I am in Sicily with the journalist Paweł Smoleński, staying with a friend who runs a hotel. Through the window is the sea. A bay spreads out its arms towards Greece. The phantom of a faraway ship is dotted with kayaks and yachts in the foreground.
“This was where the first Greeks landed in 8 BC,” says Caterina.
Paweł and I stand with our backs to the water to look at what the newcomers saw: a smoking volcano and hills like dromedaries marching down to waterholes…
Information about the Greeks and many others could have remained as lifeless fodder in the tourist brochures, but somehow it didn’t. Not because we are training our imaginations and striving to make sense of phenomena that may have no intrinsic meaning. Perhaps they are merely mobile, static or eye-catching. What we saw left us feeling moved for different reasons, of which there are several at least.
First, we met a priest who provides pastoral care for outcasts in Catania. No, he had not made a point of serving on the margins of the ‘respectable’ world. Almost half a century ago, he was assigned to one of the Earth’s innumerable margins. He looked around, saw that it was populated by male, female and multi-gender prostitutes, sat in the confessional, heard the sobbing, and decided it was his mission to listen to their weeping and ask if there was anything he could do. The priest was probably subconsciously recalling the words of St. Paul: “There is neither Jew nor Greek, there is neither bond nor free, there is neither male nor female, for ye are all one […].” Or perhaps he didn’t need them, and an image of a world of equal people, regardless of inequalities, seemed as natural to him as it does to us all, way back in primary school, before we are pricked by the sting of prejudice.
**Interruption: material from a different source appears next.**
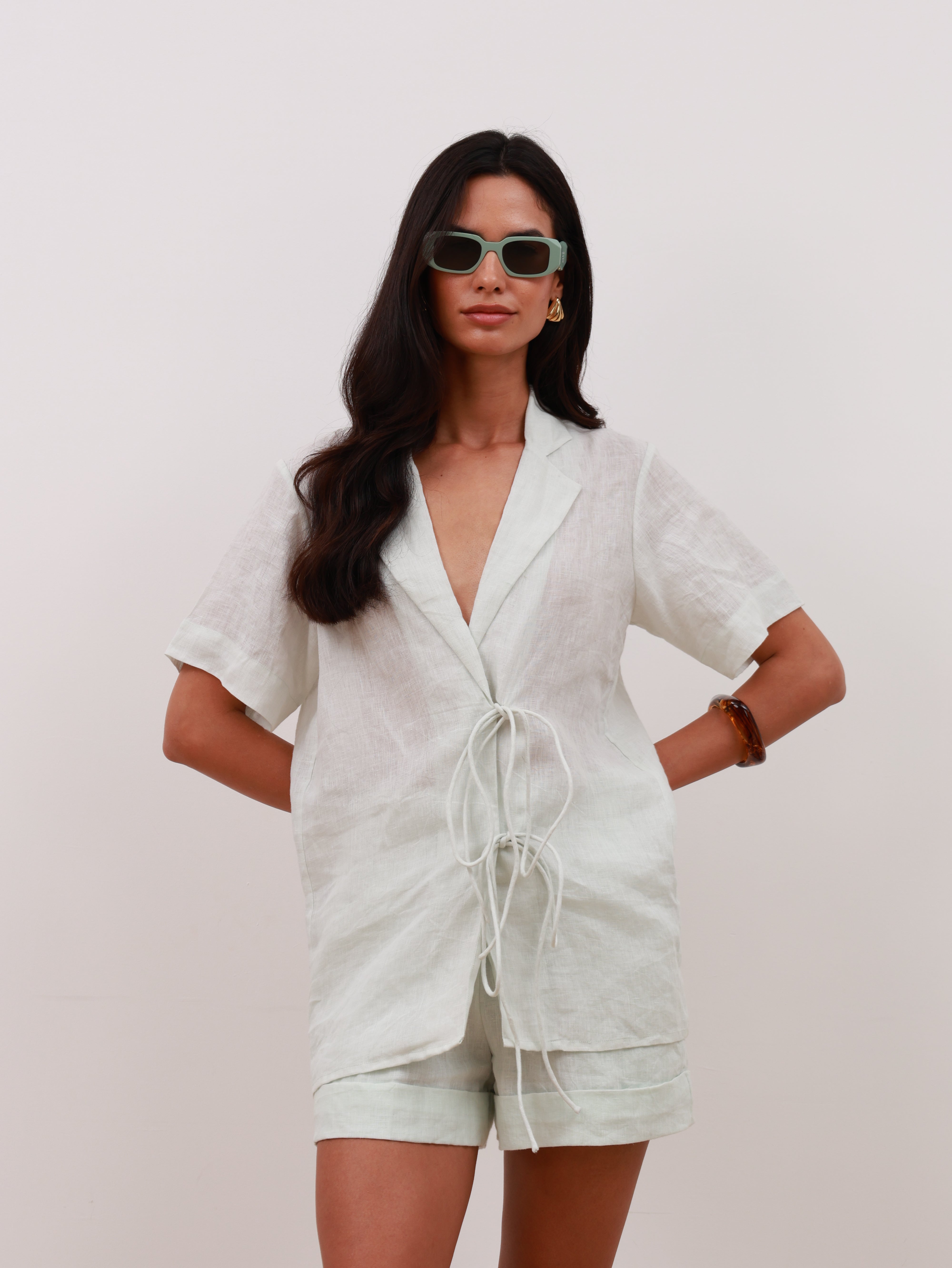 Crafted in 100% linen as the main fabric, the pieces are lightweight and airy. The shorts are fully lined with soft cotton mulmul for comfort and coverage, while the shirt remains unlined for an effortlessly fluid drape. Designed in a Small (S) fit, the shirt measures 28” and the shorts measure 16”, making the set versatile for both casual outings and resort moments.
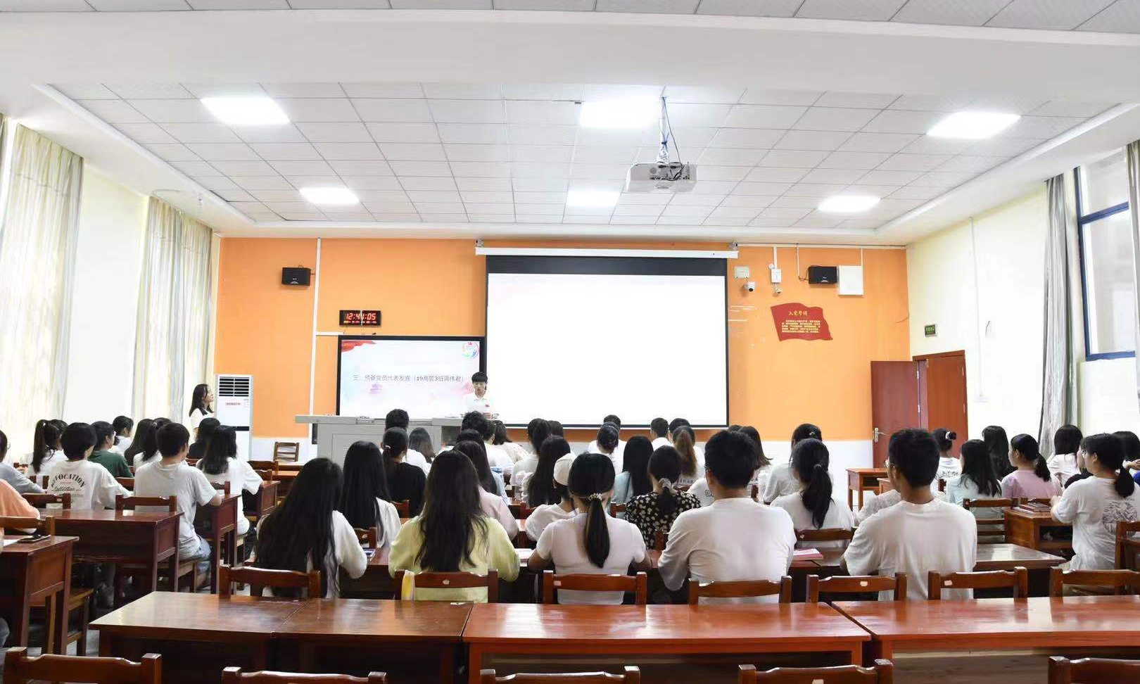 随后,由19级商务管理1班的蒋伟君同志作为预备党员代表进行发言。他号召本期入党积极分子一要端正学习态度,正确认识入党的意义;二要明确党员的权利和义务,不但要组织上入党,更要思想上入党;三要牢记党的宗旨,树立良好的服务意识,发挥先锋模范作用。

Second, we came across a black lad from Mali at Caterina’s hotel. After being falsely accused of a crime, he had run away from home and spent months walking and hitching his way to Libya. He toiled for free and was beaten up. He made it to Lampedusa below decks on a boat, then on to the immigrant community in Italy. He was at Caterina’s hotel on a kind of work placement but, according to European law, would have lost his Italian state welfare when he turned 18, so Caterina offered him a permanent job. I’m not sure if it was because she had read St. Paul or Homer. It was probably a sentimental reflex. Her empathic imagination had allowed her to picture the life of a good boy with a terrible fate and black skin in a world without rules; in a country where the Northern League is triumphant.
On Earth and in the heavens, many signs suggest that we should return to a lost point in the past where everyone meets today: Greeks and Jews; Jesus and Antigone. A point that accumulates the tales of travellers, irrespective of where they come from or where they are going. Scenes of people who have been scattered all over the world meeting each other; people who knew nothing about one another or themselves until they met.
Paweł and I sit in a seaside bar beneath the cliffs – the solidified sediment that the Cyclops hurled at the fleeing Odysseus. When Polyphemus asked the King of Ithaca his name, he replied: “No man.” Thus, when Odysseus had plunged a burning stake into his one eye, the Cyclops cried out for help, truthfully shouting that no man had blinded him. “How well I can relate to the Cyclops,” reads a verse by the contemporary Polish poet Krzysztof Karasek. How well all of us can relate to him, for we are in pain but know not why. Life itself, of whose nature we are unaware; we who are unable to explain the roots of our own suffering.
We stare out of the windows of the Hotel Palladio in Naxos, thinking that stepping off a boat onto a jetty never altered the identity of Jesus the fisherman or Odysseus the adventurer. Everybody travels. Everyone has their own tale to tell. We are most fortunate that the Mediterranean Sea, a place which for many has become a graveyard, can act as a lens of humanity, reflecting its fate, struggles, suffering and liberation.
Those deciding today whom to admit and whom to turn away are those who once sought a home, or will do so, sometimes successfully, but always with great losses. Pressured by my own lack of indifference, I would like to say that – let’s agree – time does not exist. Every present-day person is also a primeval person. Every historical period is archaic and eternal time. Every ancient person is a person of the future. And we shall all meet at the hour of myths; the Mediterranean hour of sisterhood and brotherhood. Or that of indifference, evil and the inability to comprehend that, for all of us, any pain hurts just the same.
For years, we’ve been telling the world that our heritage traces back to the Mediterranean, not the post-Yalta European order. So, where is it now?